If we helped them become what they are, stood by while other people did it, or fought as I did ineffectually not to do it, can we define life for us as children and adults as departures from the integral muscle of our various political machines enough to assess whether or not these very different glass bubble kids who are strangers to us as well as everybody else were done a favor’ As a swing figure who remembers when adults were valuable and now lives in a country where the Justice System tries not merely to imprison both old and young people who are not adults who lack political correct private tastes but to have adults arrested who dissent and take action against their mandated big plans for us, I find myself bewildered not by the results but the long range effects of this national etude in warring against nature by avoiding a free and diverse maturity.

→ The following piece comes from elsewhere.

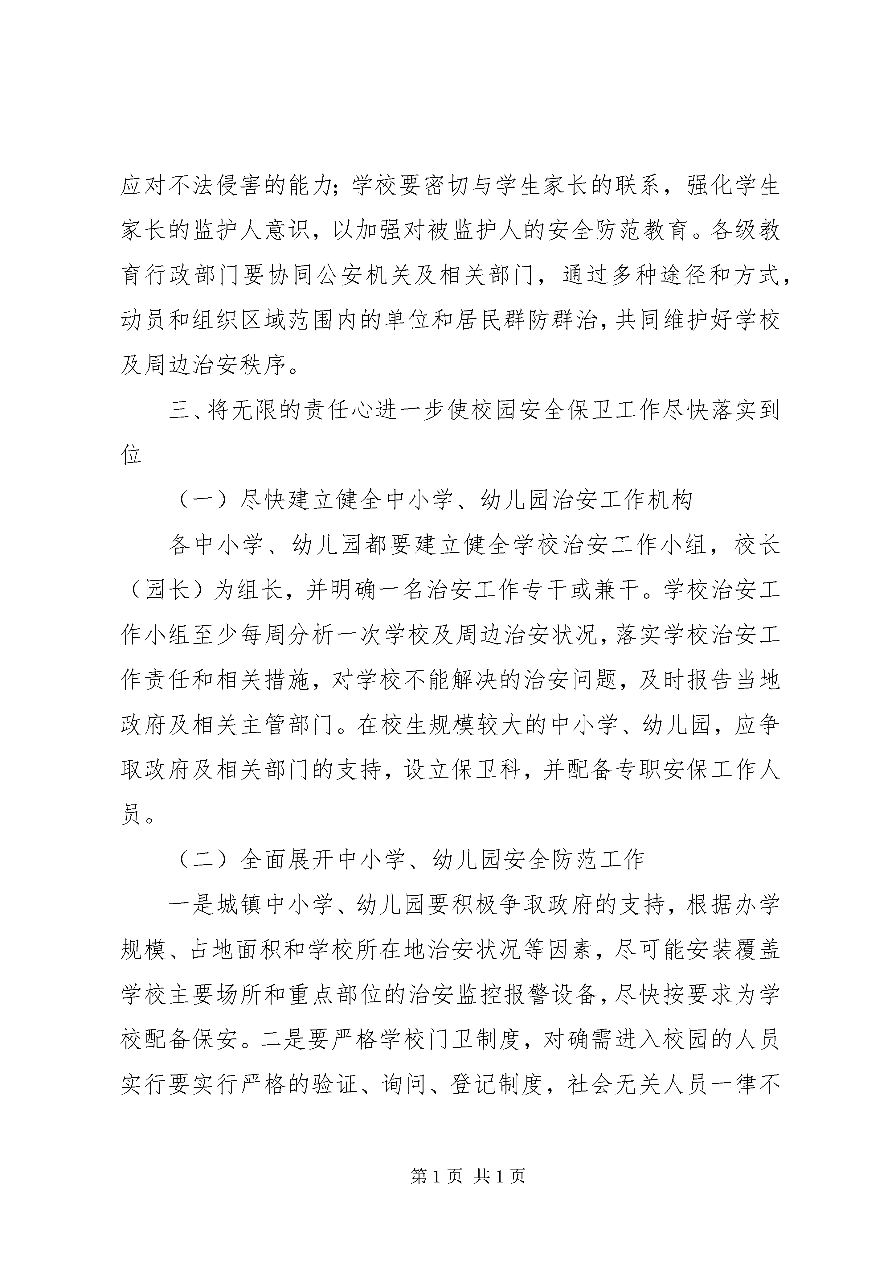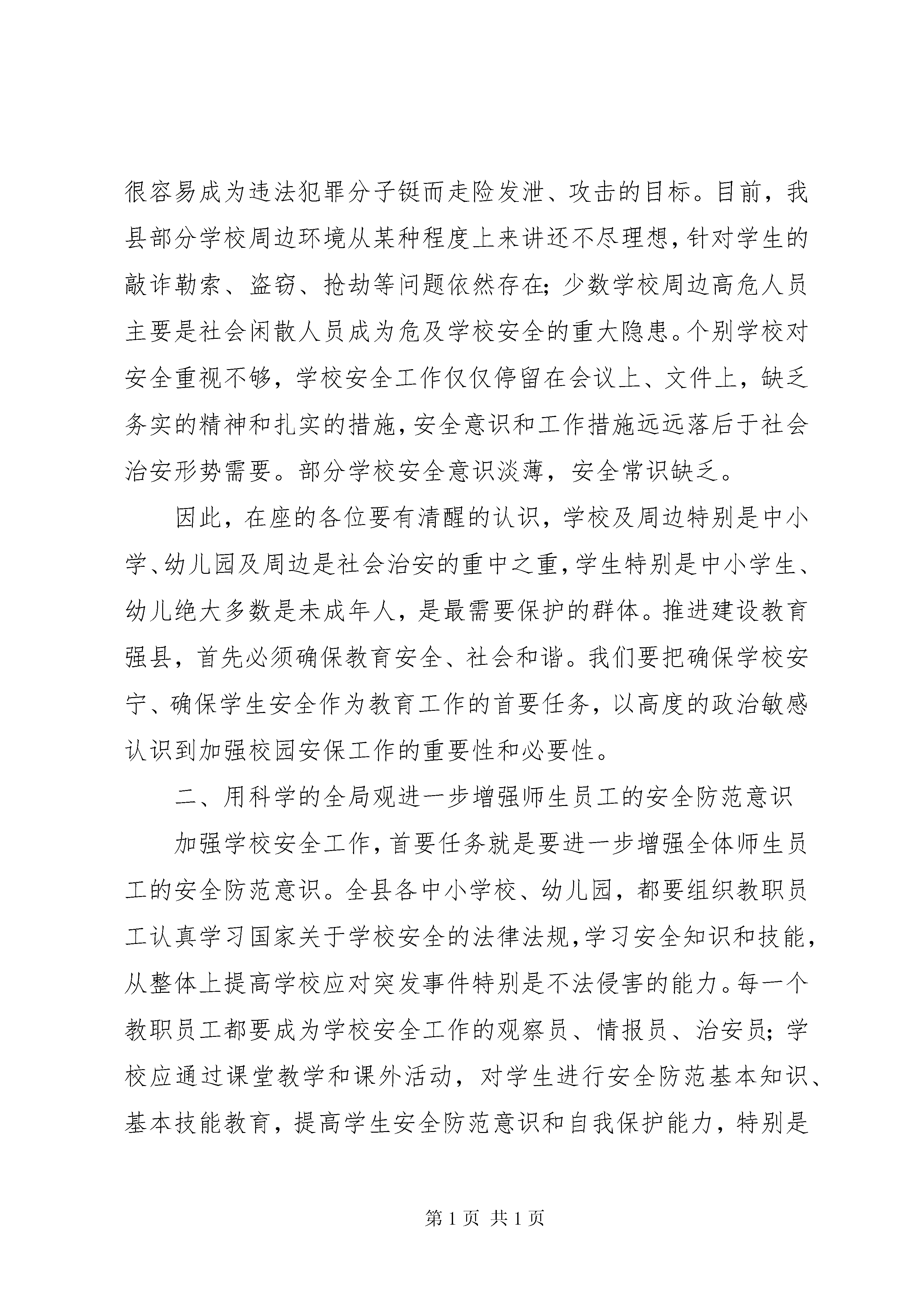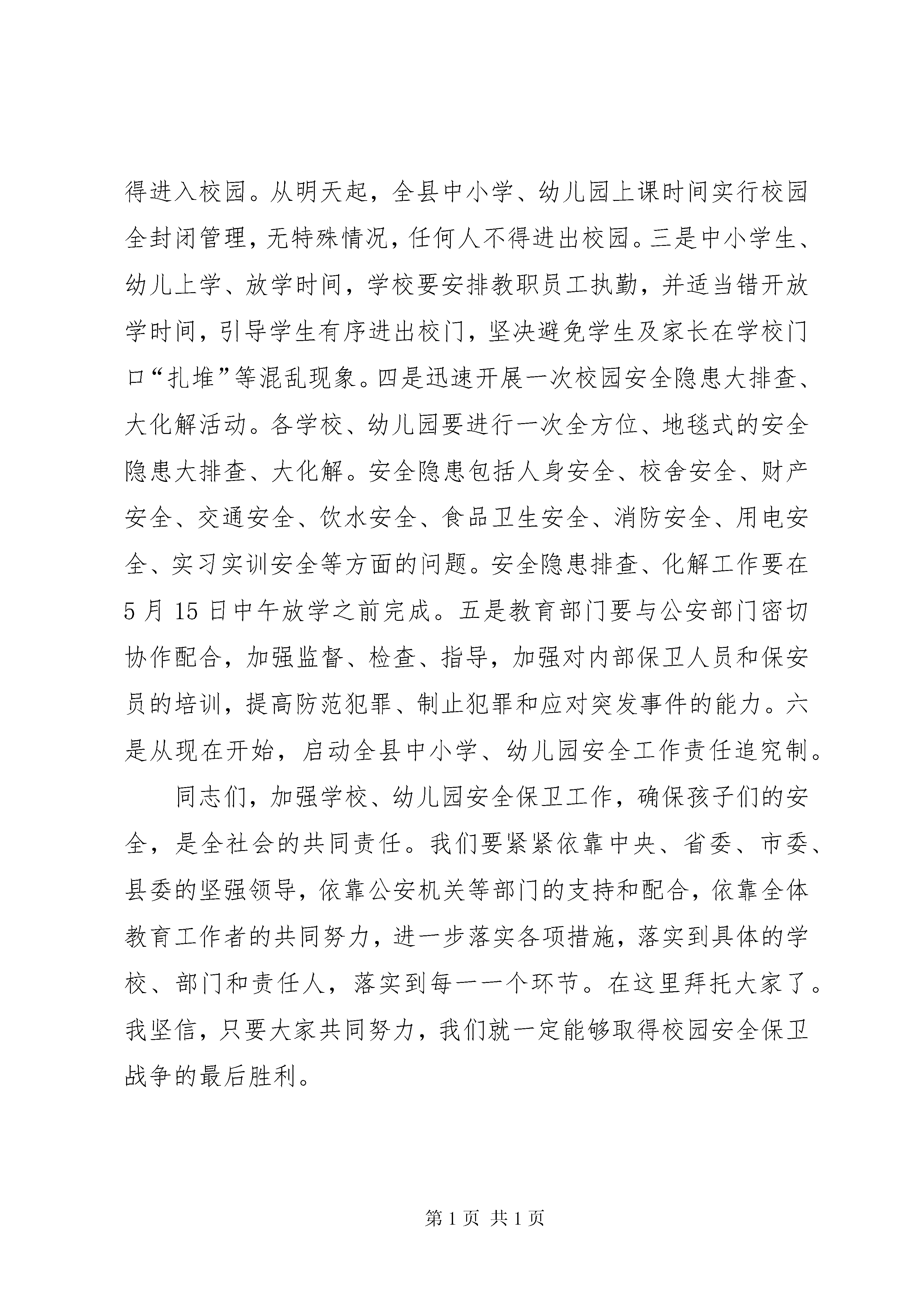 县校园安全紧急会议上的讲话编者按:本文主要从以高度的政治敏感进一步认识到加强校园安保工作的重要性;用科学的全局观进一步增强师生员工的安全防范意识;将无限的责任心进一步使校园安全保卫工作尽快落实到位进行讲述。其中,主要包括:加强学校安全工作,首要任务就是要进一步增强全体师生员工的安全防范意识、每一个教职员工都要成为学校安全工作的观察员、情报员、治安员;学校应通过课堂教学和课外活动,对学生进行安全防范基本知识、基本技能教育,提高学生安全防范意识和自我保护能力,特别是应对不法侵害的能力、尽快建立健全中小学、幼儿园治安工作机构、全面展开中小学、幼儿园安全防范工作等,具体材料请详见:同志们:大家下午好。今天,我们在这里召开加强全县各中小学校、幼儿园安全保卫工作紧急会议,主要是对进一步加强学校、幼儿园安全保卫工作进行进一步紧急动员和部署。刚才,盘向云副局长已经就具体的事情和工作措施进行了动员和部署,我完全赞同。下面,我想讲几点意见。一、以高度的政治敏感进一步认识到加强校园安保工作的重要性当前,学校安全尤其是学校及周边治安面临形势严峻。大家应该从各种渠道了解到了,昨天上午8时左右,位于XX省南部的XX市XX县区圣水镇林场村幼儿园发生一起恶性凶杀案,犯罪嫌疑人吴焕明持菜刀闯入该村幼儿园,致7名儿童、2名成人死亡,11名儿童受伤。这是我国自3月23日福建南平校园凶杀案以来发生的第六起侵害中小学生、幼儿园幼儿的恶性案件。党中央、国务院对恶性案件的发生高度重视,胡锦涛总书记曾作出重要批示。5月3日上午,中央综治委就加强各类学校、幼儿园安全管理工作专门召开全国综治维稳工作电视电话会议,周永康同志到会并作重要讲话。5月4日下午,XX省委教育工委、省教育厅召开XX省学校安全工作视频会议,传达并贯彻5月3日全国综治维稳工作电视电话会议精神,部署全省校园安全工作。省教育厅厅长张放平作重要讲话。他强调,全省各级教育行政部门、各级各类学校要紧急动员、立即行动起来,学习贯彻落实全国会议精神,进一步提高认识,增强意识,加强和改进措施,努力提高学校安全工作水平,确保校园平安。昨天,5月12日,公安部教育部联合召开加强学校、幼儿园安全保卫工作紧急视频会议。国务委员、公安部部长孟建柱,中央综治委副主任、中央综治办主任陈冀平,教育部部长袁贵仁出席会议并讲话,会议对进一步加强学校、幼儿园安全保卫工作进行紧急再动员、再部署。这一系列校园恶性案件,具有偶发性,但偶然之中又包含着一定的必然。学校尤其是中小学、幼儿园治安防范能力相对较弱,很容易成为违法犯罪分子铤而走险发泄、攻击的目标。目前,我县部分学校周边环境从某种程度上来讲还不尽理想,针对学生的敲诈勒索、盗窃、抢劫等问题依然存在;少数学校周边高危人员主要是社会闲散人员成为危及学校安全的重大隐患。个别学校对安全重视不够,学校安全工作仅仅停留在会议上、文件上,缺乏务实的精神和扎实的措施,安全意识和工作措施远远落后于社会治安形势需要。部分学校安全意识淡薄,安全常识缺乏。因此,在座的各位要有清醒的认识,学校及周边特别是中小学、幼儿园及周边是社会治安的重中之重,学生特别是中小学生、幼儿绝大多数是未成年人,是最需要保护的群体。推进建设教育强县,首先必须确保教育安全、社会和谐。我们要把确保学校安宁、确保学生安全作为教育工作的首要任务,以高度的政治敏感认识到加强校园安保工作的重要性和必要性。二、用科学的全局观进一步增强师生员工的安全防范意识加强学校安全工作,首要任务就是要进一步增强全体师生员工的安全防范意识。全县各中小学校、幼儿园,都要组织教职员工认真学习国家关于学校安全的法律法规,学习安全知识和技能,从整体上提高学校应对突发事件特别是不法侵害的能力。每一个教职员工都要成为学校安全工作的观察员、情报员、治安员;学校应通过课堂教学和课外活动,对学生进行安全防范基本知识、基本技能教育,提高学生安全防范意识和自我保护能力,特别是应对不法侵害的能力;学校要密切与学生家长的联系,强化学生家长的监护人意识,以加强对被监护人的安全防范教育。各级教育行政部门要协同公安机关及相关部门,通过多种途径和方式,动员和组织区域范围内的单位和居民群防群治,共同维护好学校及周边治安秩序。三、将无限的责任心进一步使校园安全保卫工作尽快落实到位(一)尽快建立健全中小学、幼儿园治安工作机构各中小学、幼儿园都要建立健全学校治安工作小组,校长(园长)为组长,并明确一名治安工作专干或兼干。学校治安工作小组至少每周分析一次学校及周边治安状况,落实学校治安工作责任和相关措施,对学校不能解决的治安问题,及时报告当地政府及相关主管部门。在校生规模较大的中小学、幼儿园,应争取政府及相关部门的支持,设立保卫科,并配备专职安保工作人员。(二)全面展开中小学、幼儿园安全防范工作

Even the language has changed the meaning of adult as it once did toilet. Adult movies or magazines are flicks and porno operations where one is supposed to watch other people make love while one presumably masturbates if one has the energy. This must be adult life on death row.
Adult situations mean real characters rule by their nether itches in a humorless farce who will do things that people never do as well after thirty while using language as elevated as palaver of early adolescents sitting on a stoop on a slum city street.
There is the codicil to this view of maturity that if one is below a certain age one isn’t qualified to take up certain intrepid and brainless erotic actions that nobody in his right mind of any age or even after death would be wise to embrace. Along with childhood and senescence, maturity has been baptized by our grey atheist priests with a new definition that might last us as long as the first parlous threatening day when we have real enemies and need some equally real adults in the vicinity.